Android P is for poisoned platform? - ausjke
https://www.zdnet.com/article/android-p-is-for-poisoned-platform/
======
usermac
A good read—not what I was expecting. I won't spoil it for you but I do have a
comment about Android totally off he subject of the article but dear to me to
tell this community so indulge me would you?
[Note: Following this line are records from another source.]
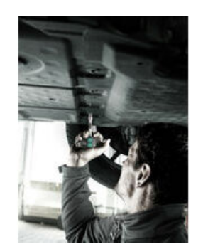
The 411 A RA T-handle is suitable for 1/4" sockets. The sockets are securely locked via the ball.
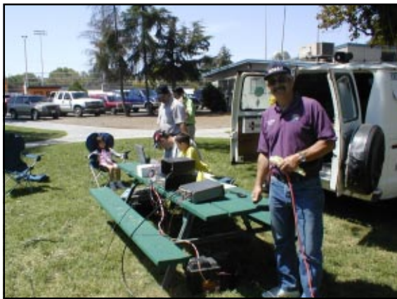
Our rigs were set up...
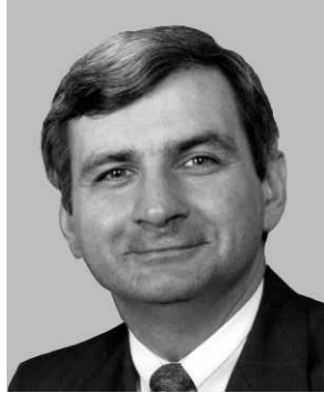
Sen. Jack Reed of Cranston Democrat—Jan. 7, 1997
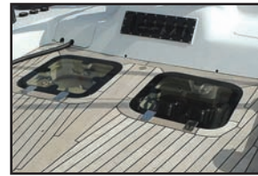
Installed in forward deck, Flush with teak,
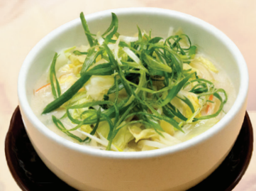
野菜 VEGETARIAN RAMEN $ 11.75

Egg noodle in a pork broth curry soup with fried chicken, soft boiled egg, vegetables and scallions
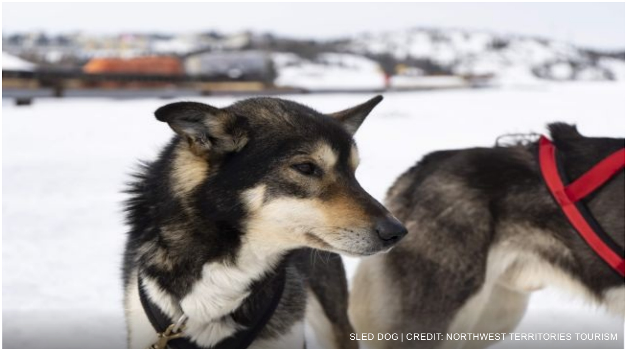
SLED DOG

Overnight in Yellowknife at The Explorer Hotel
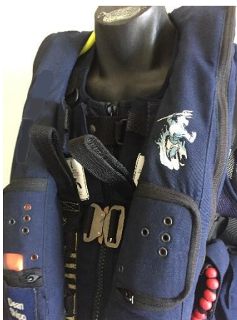
Concealable Lifting Strops
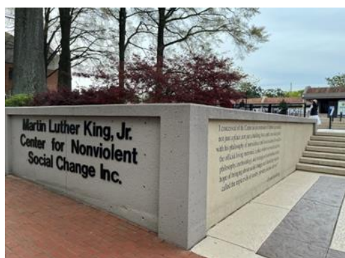
Above: MLK Memorial Park across the street from the Ebenezer Baptist Church
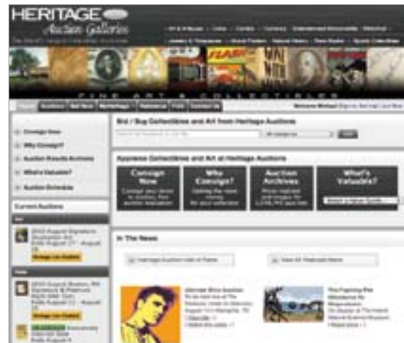
HA.com home page

Y ou don't want to miss this site! It's amazing! — The New York Times' About.com
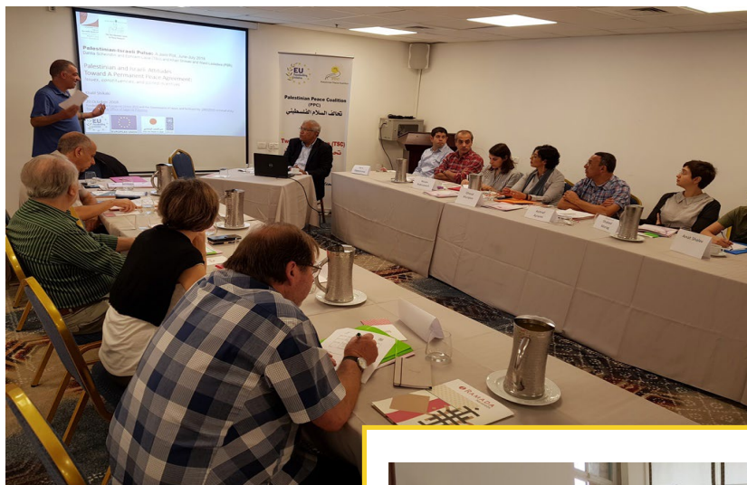
Palestinian and Israeli TSC members during a joint seminar in Nazareth. October 2018

The international community is a critical player in the peace process. Members of the TSC led by the Directors General of the PPC and HLEP visited Brussels and The Hague to meet with EU stakeholders and officials, updating them about the status of the two-state solution and raising awareness about the reality on the ground in light of recent political developments that put the two-state solution at great risk. EU intervention is much needed at this phase to protect the two-state solution, so these meetings are a forum for Palestinian and Israeli organizations to discuss the role of the EU in the Middle East Peace Process (MEPP) and call for a more effective intervention from the EU and EU member states.
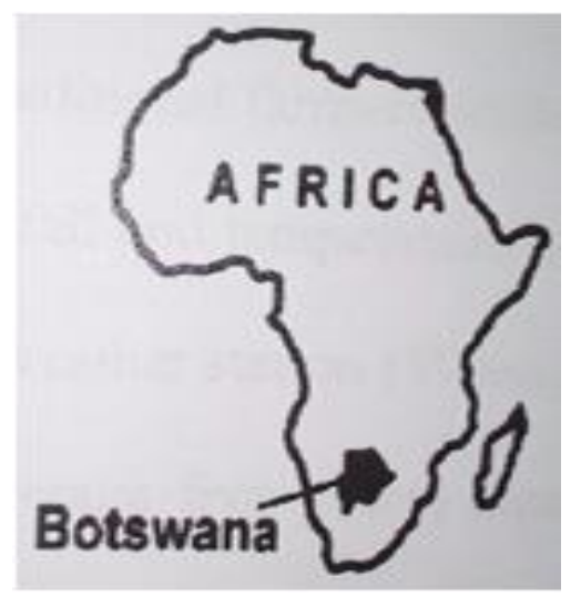
Figure 1. Location of study area in Africa

semi-arid characterized by hot and moist summers and dry mild winters. Rainfall is derived from convective processes and is highly variable even over small distances and averages 600 mm annually, thus making Pandamatenga one of Botswana's least arid areas. Almost all rain falls between October and April, with December, January and February being the peak months. A substantial proportion of this rain falls in short duration of high intensity storms, thus, leading to high run-on into some farms, which become flooded instantly. Maximum temperatures of 26°C to 34°C occur in October to March. Minimum temperatures of 11°C to 20°C are experienced between November and July. The vegetation is extensive grassland savannah in association with Mophane (Colophospermum mopane) and acacia species [12]. The Pandamatenga plains are underlain by basalt which occurs at the base of the black cotton soils. This basalt occurs subordinately with the sandstones. This basalt is mostly exposed around Pandamatenga village and extends eastwards across the border into Zimbabwe [12]. The area is dominated by vertisolic clay soils, which are potentially good farming soils. The soils are characterized by very high clay contents dominated by expanding lattice clay minerals which give them their and chemical properties. The area is physical generally flat with a gentle slope and rain water flows following natural drainage routes [2].
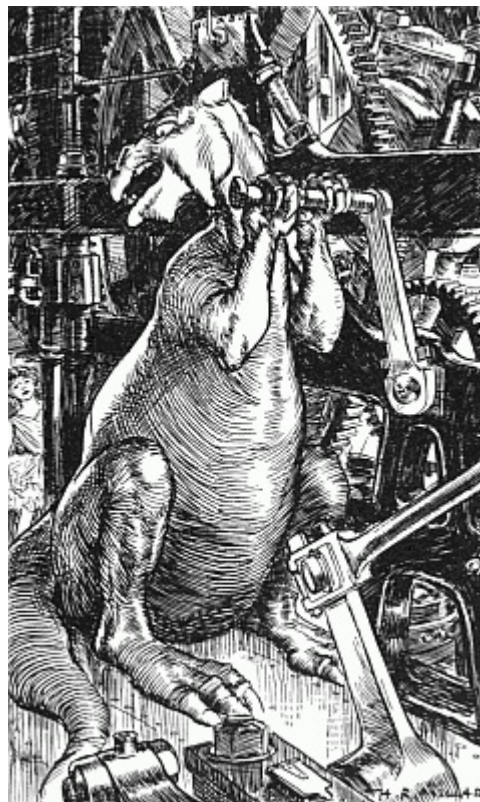
And all the while it had to go on turning that handle.

'It is,' said the oldest woman of all; 'very!'

A couple of days ago, over the EOL of Android post, I can't recall it's actual
title, I commented that Android was EOL with me after trying it for the third
time. I got several downvotes. Maybe I wasn't clear so let me say this: I
tried android when it was new and its UI was not clear and unpleasant. I went
back to iPhone iOS of whatever it was back then. Time passed and I tried it
again with similar results; back to iPhone/iOS. Then I wanted something new
but tried Android again and it was, again, bad. But instead of going to
iPhone, I went for Windows Phone and really enjoyed it. Time passed and I
could see that it was failing and when my bank stopped their support I knew I
had to leave it for... iPhone. This is present day. So now, my shared name for
my phone is "I'm a sheep it's an iPhone". This should tell you my feelings.

End-the-end I do look forward to "what's next" but it can't come soon enough.
I should add I did try webOS early on say 2012 I think and it was a gem.
Golden. But when they did that splashy, live dev even in SD and they didn't
give the attendees a free phone to develop on, I knew it too was over.

Well, until the next thing comes along I'll just be with the best there is to
date and that's Apple's iPhone.

------
makecheck
(2018)